So the question is, given...

  • A texture map of N x M texels...
  • A viewer-facing quad with Window Coordinates (left, top, right, bottom)...
  • Texture coordinates of (S_0, T_0, S_1, T_1)...
  • A viewport of (0, 0, width, height)...
  • A mapping mode of GL_LINEAR...
  • All of the above producing a magnification, or at least a 1:1 view...
... which pixels are colored, using which texels, interpolated by which blending factors ?

1. The viewport

The most important thing to realize right away is that OpenGL doesn't really deal with "pixels" until the very last step, the rasterization. Until then, it is best to think of all coordinates as being specified on a true Cartesian 2D plane. There is an origin plus two unit vectors (X and Y); together, these allow you to know the exact position of any point (p_x, p_y) you specify, without even mentioning pixels.

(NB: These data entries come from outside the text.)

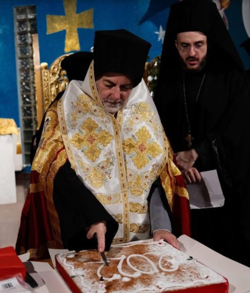 Ακολούθως ευλόγησε και διένειμε την πρωτοχρονιάτικη βασιλόπιτα και όλοι μαζί έψαλλαν τα παραδοσιακά κάλαντα.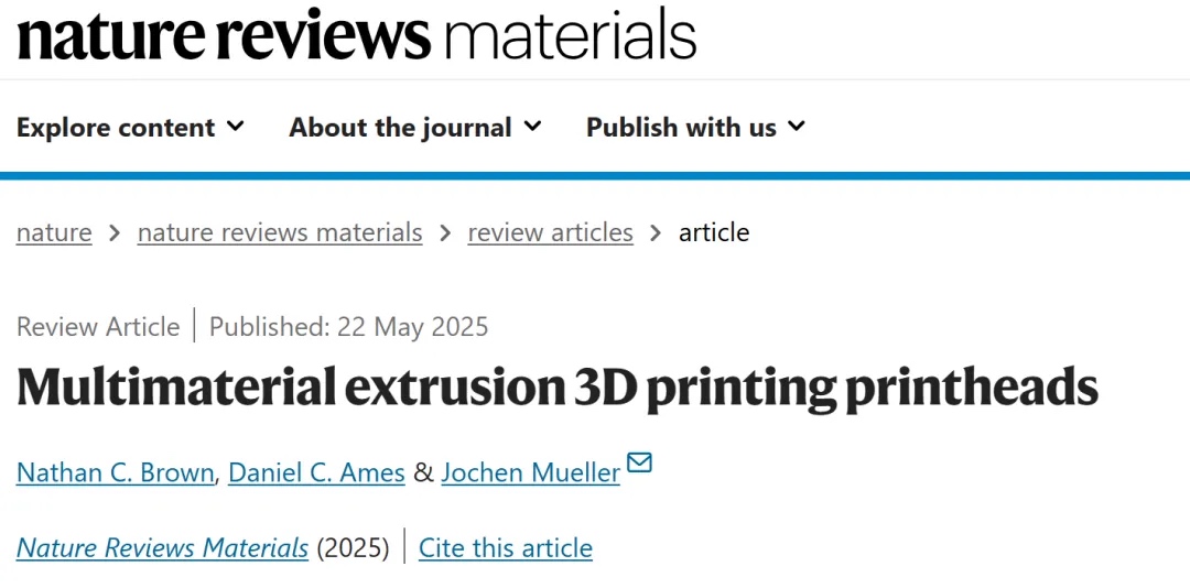 近日,约翰霍普金斯大学的Nathan C. Brown、Daniel C. Ames和Jochen Mueller合作,全面探讨了喷头技术在材料挤出3D打印系统中的核心作用及其最新进展。系统总结了喷头技术如何通过多功能设计突破传统制造限制,并为复杂材料组合和高精度结构提供了全新解决方案。相关论文以《多材料挤出3D打印喷头》为题,发表在《自然综述:材料》(Nature Reviews Materials)。
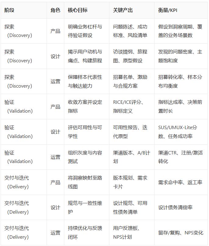 在研究的不同阶段,角色重心会变化。**探索期(发现问题)需要运营提供人群与场景线索,设计主导质性方法;验证期(比选方案)强调可用性测试与轻量实验,产品负责定义成功指标;交付期(上线与迭代)运营负责落地触达策略,并对变量进行市场端的A/B测试。**这种阶段性分工避免了"单点过载",也给予每个角色最擅长的环节以充分的舞台,形成专业分工与信息共享的动态平衡。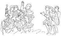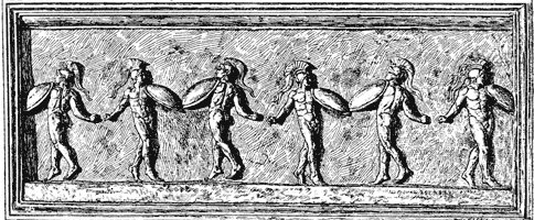 Пиррический танец (рис. 13 ) был привезен в Рим Юлием Цезарем из Азии. Там его исполняли дети влыдык Азии и Витинии.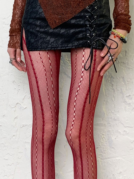 Wine Red Y2K Hollow-out Sheer Tights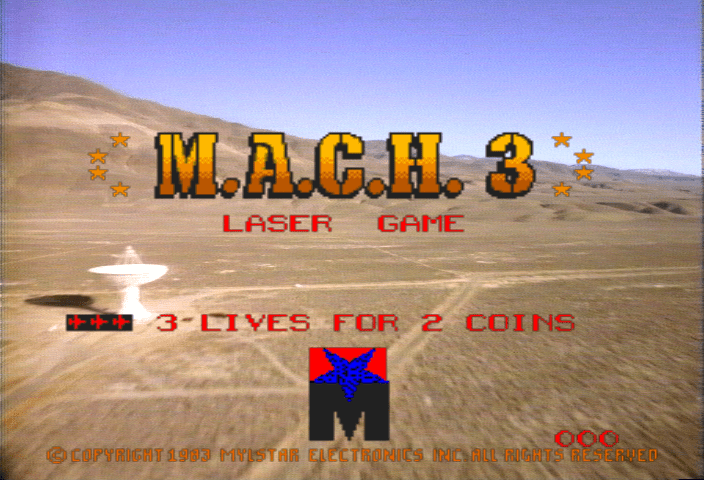In M.A.C.H. 3, you pilot either a Fighter plane or a Bomber plane and must fly around hitting targets on the ground or in the air while avoiding enemy fire. M.A.C.H. 3 used video footage from the laser disc and overlaid computer graphics for your ship and the enemy ships.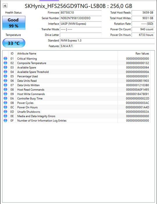 HFS256GD9TNG-L5B0B Hynix 256GB TLC PCI Express 3.0 x4 NVMe M.2 2280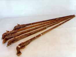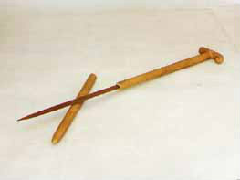 拐杖刀:俗稱“二人奪”,長約90厘米。表面上看呈拐杖型,木質(zhì)。但實際上,其前面是可以斷開的,拔出外鞘,里面是一個刺刀。這是抗日斗爭初期,東滿游擊隊和當(dāng)?shù)厝罕娪脕韺Ω稊橙说拿孛芪淦鳌J钱?dāng)時很流行很實用的武器。

In this spirit, the command glViewport (x, y, w, h) is precisely the way to specify where that origin is, and how long those unit vectors are. You do so, by effectively saying, "the origin and unit vectors are positioned in such a way, that the leftmost edge of the screen is at X-coordinate x, the lower most edge is at Y-coordinate y, and the rightmost and uppermost edges are at x+w and y+h, respectively". Note the use of the word edge, not pixel. If you specify glViewport (0, ..., 5, ...), and your screen happens to be 5 pixels across, you've put the origin at the left edge of the leftmost pixel, and you've put the X == 5 vertical line at the right edge of the rightmost pixel. See the figure below.

By the Version 1.1 spec, we get from 2.10.1 :
Viewport transformation parameters are specified using

void Viewport ( int x, int y, sizei w, sizei h ) ;

where x and y give the x and y window coordinates of the viewport's lower-left 
corner and w and h give the viewport's width and height, respectively.

From the figure, you can see that if we call glViewport with x = 0 and a width equal to our horizontal resolution, then the center of pixel i has X coordinate 0.5 + i and every pixel has a width of exactly 1. Call this "lemma" A.

Note that from the above interpretation, there is not really a reason why the arguments to the viewport should be integers, other than "2.10.1 says so".

2. The polygon

Suppose you draw a rectangle-like quad, with the projection and the modelview matrix set up to let the vertex coordinates end up being the window coordinates; that is, it looks like you're drawing directly on the viewport plane. Suppose we then say
glVertex... (0, ... );
...
glVertex... (5, ... );
...
Which pixels are drawn ?

Let's first throw some spec at it; from 3.5.1 :
The rule for determining which fragments are produced by polygon rasterization is 
called point sampling. The two-dimensional projection obtained by taking the x 
and y window coordinates of the polygon's vertices is formed. Fragment centers 
that lie inside of this polygon are produced by rasterization. Special treatment 
is given to a fragment whose center lies on a polygon boundary edge. In such a 
case we require that if two polygons lie on either side of a common edge (with 
identical endpoints) on which a fragment center lies, then exactly one of the 
polygons results in the production of the fragment during rasterization. 
Also, from 3. :
A fragment is located by its lower-left corner, which lies on integer grid 
coordinates. Rasterization operations also refer to a fragment's center, 
which is offset by (1/2, 1/2) from its lower-left corner (and so lies on half-integer 
coordinates).
(Lemma's
B).

So what the heck does all that mean ? Quite simply, it means that as a polygon is scanconverted, a pixel will be colored with the value from the polygon, if and only if the pixel's center lies entirely inside the polygon's boundaries; or if and only if the pixel's center lies exactly on the polygon boundary, and the pixel is on "the good side" of the boundary.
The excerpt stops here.